━━━━━ Material provided ━━━━━
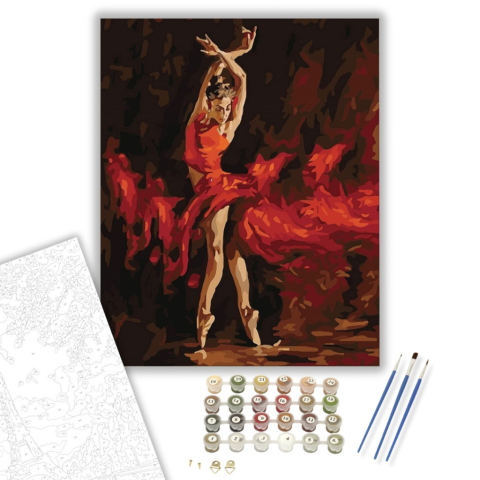 Tüzes Tánc - számfestő készlet – 40×50 cm (Keretre feszítve) Készíts gyönyörű műalkotásokat, előzetes festő tudás nélkül! Éld át az alkotás gyönyörű pillanatait és varázslatos hangulatát! Akkor is gyönyörű festményeket hozhatsz létre, ha még nem festettél
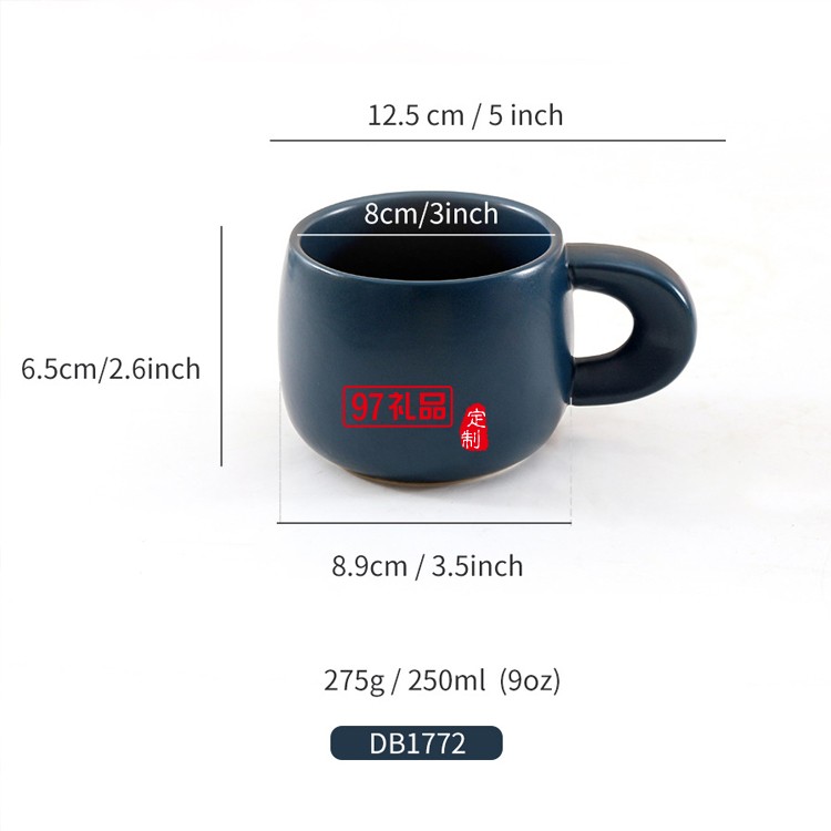 定制克萊因藍(lán)咖啡杯啞光馬克杯創(chuàng)意大肚陶瓷杯伴手禮活動小禮品
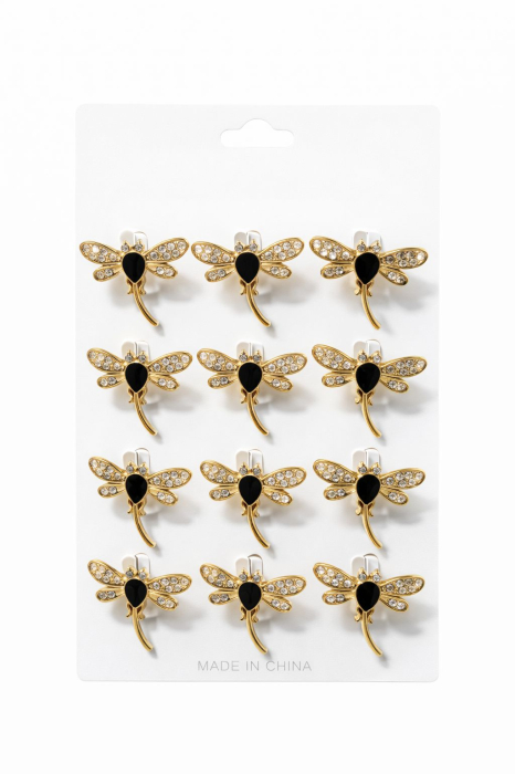 Acest set de 12 brose martisor cu libelula aurie este un simbol al schimbarii, adaptabilitatii si claritatii interioare, oferit la inceput de primavara ca mesaj de evolutie si energie pozitiva. Libelula este asociata cu transformarea si puterea de a vedea lucrurile cu intelepciune, fiind un martisor cu semnificatie profunda si moderna. Modelul individual se remarca prin finisajul auriu rafinat, aripi decorate cu strasuri stralucitoare si element central contrastant, care adauga eleganta si distinctie. Designul delicat face ca fiecare brosa sa fie usor de purtat pe haine sau accesorii, fiind potrivita pentru toate varstele. Setul este ideal pentru oferire individuala de 1 Martie, cadouri simbolice sau vanzare sezoniera cu aspect elegant si mesaj pozitiv.
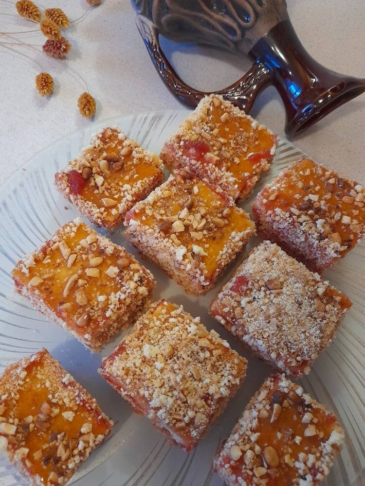 Захотелось немного переделать известное Школьное пирожное Ингредиенты: Мука, Маргарин, Сахар, Яйцо крупное или 2 мелких, Ванильный сахар, соль, Разрыхлитель, Повидло густое, Орехи, любые, Топинг (у меня Карамель) Способ приготовления: Масло смешать с сахаром, солью добавить яйцо, хорошо перемешать. В масляную смесь всыпать муку и разрыхлитель, замесить тесто. Тесто убрать в холод на 10- 15 мин. Далее выложить на пергамент (на котором будем печь, так удобнее) посыпанный мукой. Скалкой придать тесту форму прямоугольника, высотой 5 мм. Выпекаем при Т 200 °С, 15 мин. Корж остужаем. У готового коржа срезаем края выравнивая корж. Срезанные края измельчаем. Орешки подсушиваем и измельчаем. Корж режем пополам и на 1 часть наносим повидло, можно прибавить любимый топинг и посыпаем орешками. Укладываем один корж поверх другого, на верх коржей наносим топинг, нарезаем полуфабрикат на квадратные пирожные. Вокруг пирожных наносим немного джема и прикрепляем измельченную крошку, удобно это делать ле
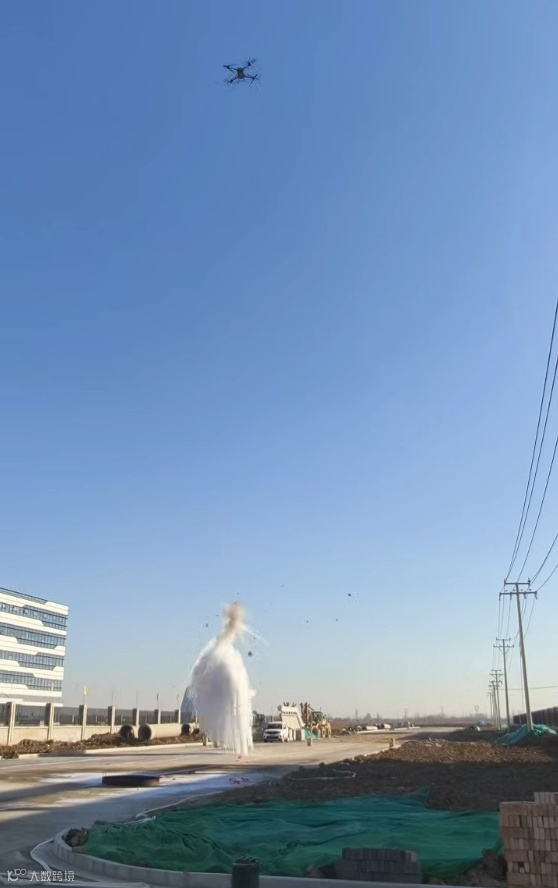 随后,演练现场设置了4个点火油盆,雷纳飞手操控消防无人机精准悬停,向着火油盆喷洒高效喷洒灭火剂,瞬间压制火势,展现出无人机灭火在开阔场景下的高效响应与精准覆盖特性。
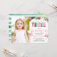 Convites de cartão com fotos tropicais para o terceiro aniversário da sua menina, ela é jovem, selvagem e três!
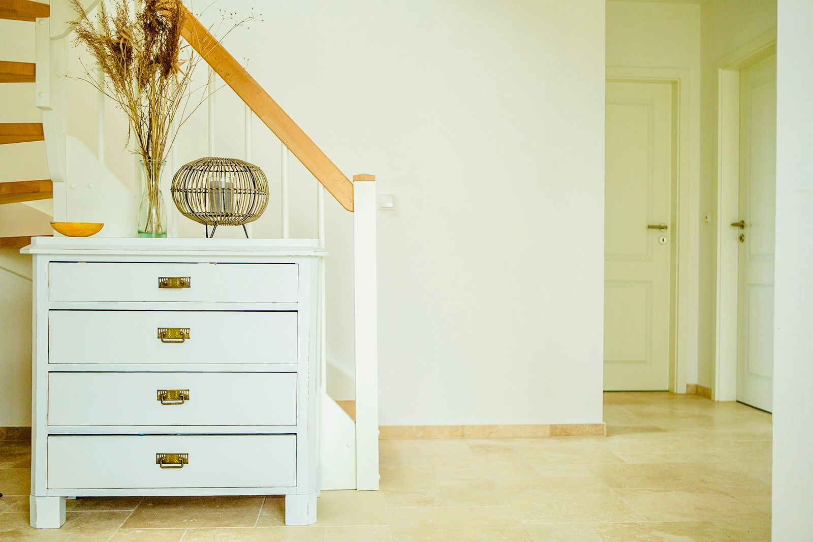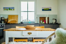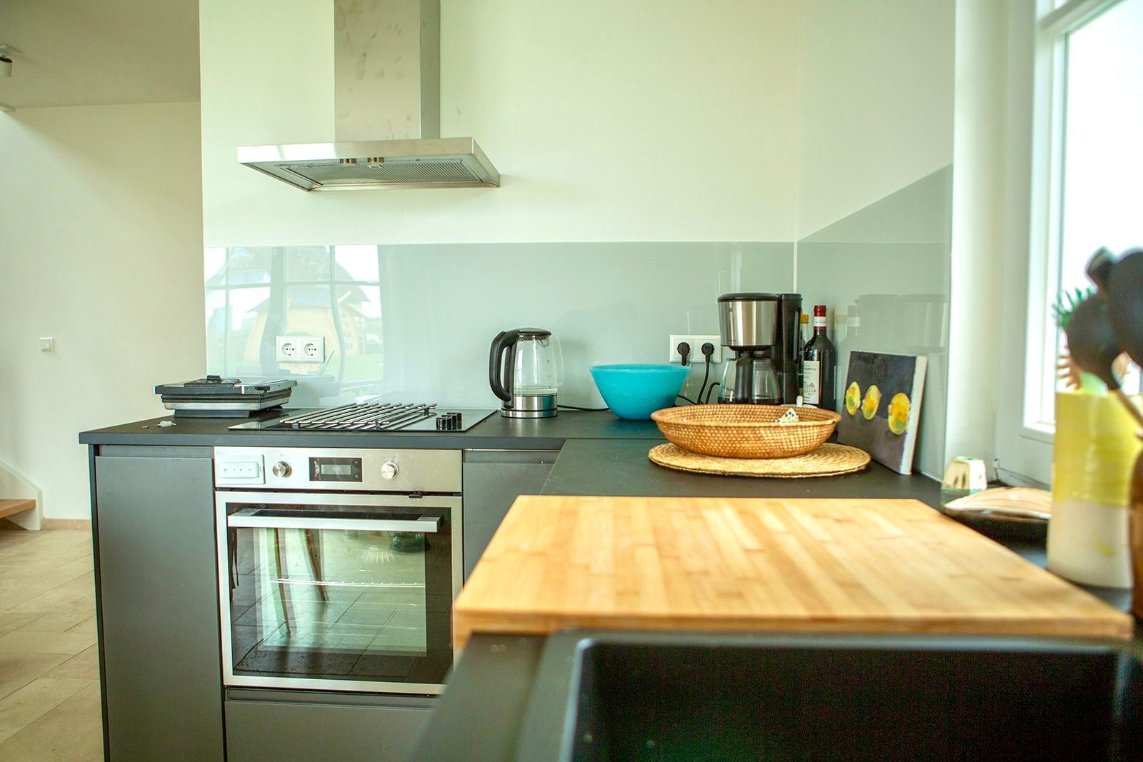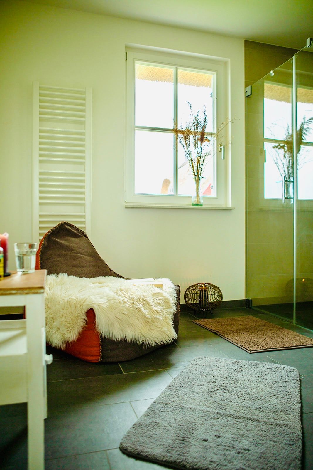 Die 2021 fertiggestellte Reetdach-Doppelhaushälfte wurde von uns liebevoll eingerichtet und ausgestattet. Im Erdgeschoss empfängt Sie die offen gestaltete Wohnküche mit einer voll ausgestatteten Küchenzeile (Backofen, Cerankochfeld, Geschirrspüler, Kaffeemaschine, SodaStream, Toaster, Wasserkocher u.v.m.), einem wunderbaren Essplatz mit Blick in den Garten und eine gemütliche Sofaecke mit Kaminofen. Hier finden Sie alles, um gemeinsam den Tag zu beginnen oder mit einem Kochabend und einem Glas Wein vor dem Kamin ausklingen zu lassen. Eine Auswahl an Gesellschaftsspielen, Spielzeug und (Kinder)Büchern ist ebenfalls vorhanden. Auf derselben Ebene befindet sich auch ein Hauswirtschaftsraum mit Waschmaschine sowie kleinem Gefrierschrank, ein separates WC und ein kleiner, aber feiner Wellnessbereich mit Sauna und begehbarer Rainshower-Dusche.
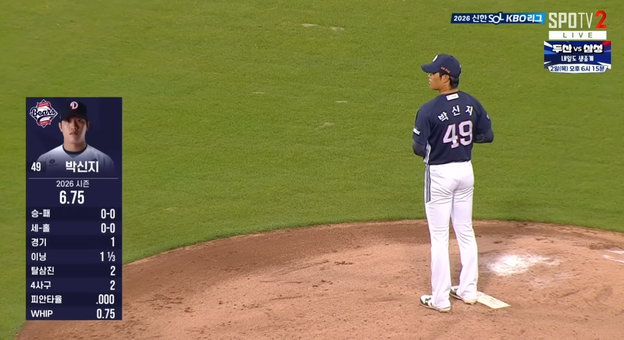 - 두산 불펜: 불펜이 강할것이라는 예상과 다르게 삼성의 추가 공세를 막지 못해 점수 차를 더 벌어지게 했습니다. 잭을 제외한 선발투수들이 계속 5회를 못채우면서 시즌초반부터 과부하일까요?
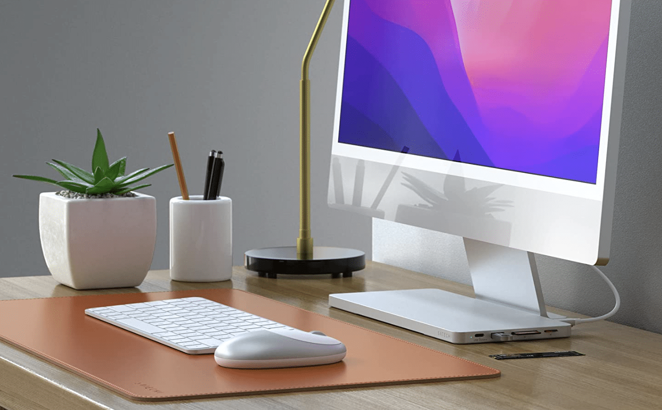 The Slim Dock fits perfectly on 2021 or 2022 24-inch iMac models, and it doesn’t really add any bulk at all. Be more productive and efficient with a clutter-free workspace with the Satechi USB-C Slim Dock today!
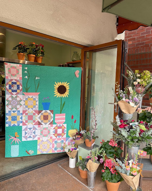 We were in San Luis Obispo (central coast of California) in early November, and while eating lunch I noticed this little flower shop across the street. I had already named the quilt Flower Shop, so what could be more perfect?!
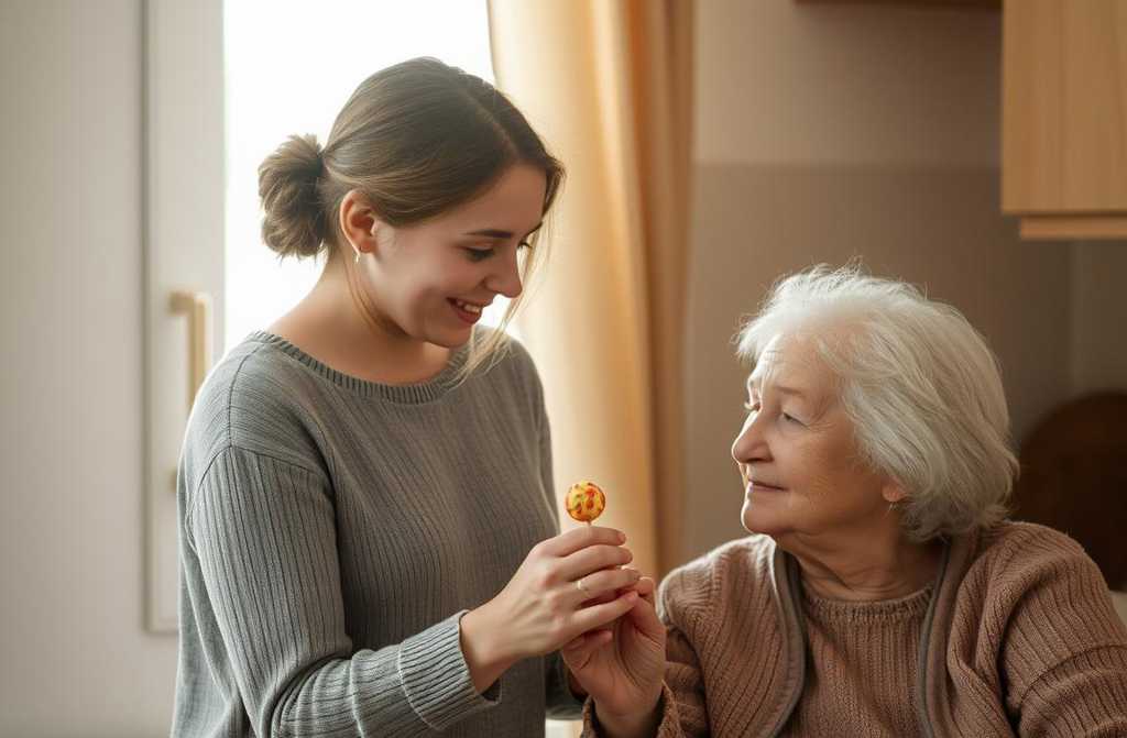 Grandma struggled with the wrapper, fingers uncooperative. When the cup was empty, Maisie led her back to bed.
━━━━━
*What you will do*. Beginning with the line above that contains "Захотелось немного переделать" and ending with the line that contains "Convites de cartão", quote each line exactly, keeping out the pictures.

*Task response*.
 Захотелось немного переделать известное Школьное пирожное Ингредиенты: Мука, Маргарин, Сахар, Яйцо крупное или 2 мелких, Ванильный сахар, соль, Разрыхлитель, Повидло густое, Орехи, любые, Топинг (у меня Карамель) Способ приготовления: Масло смешать с сахаром, солью добавить яйцо, хорошо перемешать. В масляную смесь всыпать муку и разрыхлитель, замесить тесто. Тесто убрать в холод на 10- 15 мин. Далее выложить на пергамент (на котором будем печь, так удобнее) посыпанный мукой. Скалкой придать тесту форму прямоугольника, высотой 5 мм. Выпекаем при Т 200 °С, 15 мин. Корж остужаем. У готового коржа срезаем края выравнивая корж. Срезанные края измельчаем. Орешки подсушиваем и измельчаем. Корж режем пополам и на 1 часть наносим повидло, можно прибавить любимый топинг и посыпаем орешками. Укладываем один корж поверх другого, на верх коржей наносим топинг, нарезаем полуфабрикат на квадратные пирожные. Вокруг пирожных наносим немного джема и прикрепляем измельченную крошку, удобно это делать ле
 随后,演练现场设置了4个点火油盆,雷纳飞手操控消防无人机精准悬停,向着火油盆喷洒高效喷洒灭火剂,瞬间压制火势,展现出无人机灭火在开阔场景下的高效响应与精准覆盖特性。
 Convites de cartão com fotos tropicais para o terceiro aniversário da sua menina, ela é jovem, selvagem e três!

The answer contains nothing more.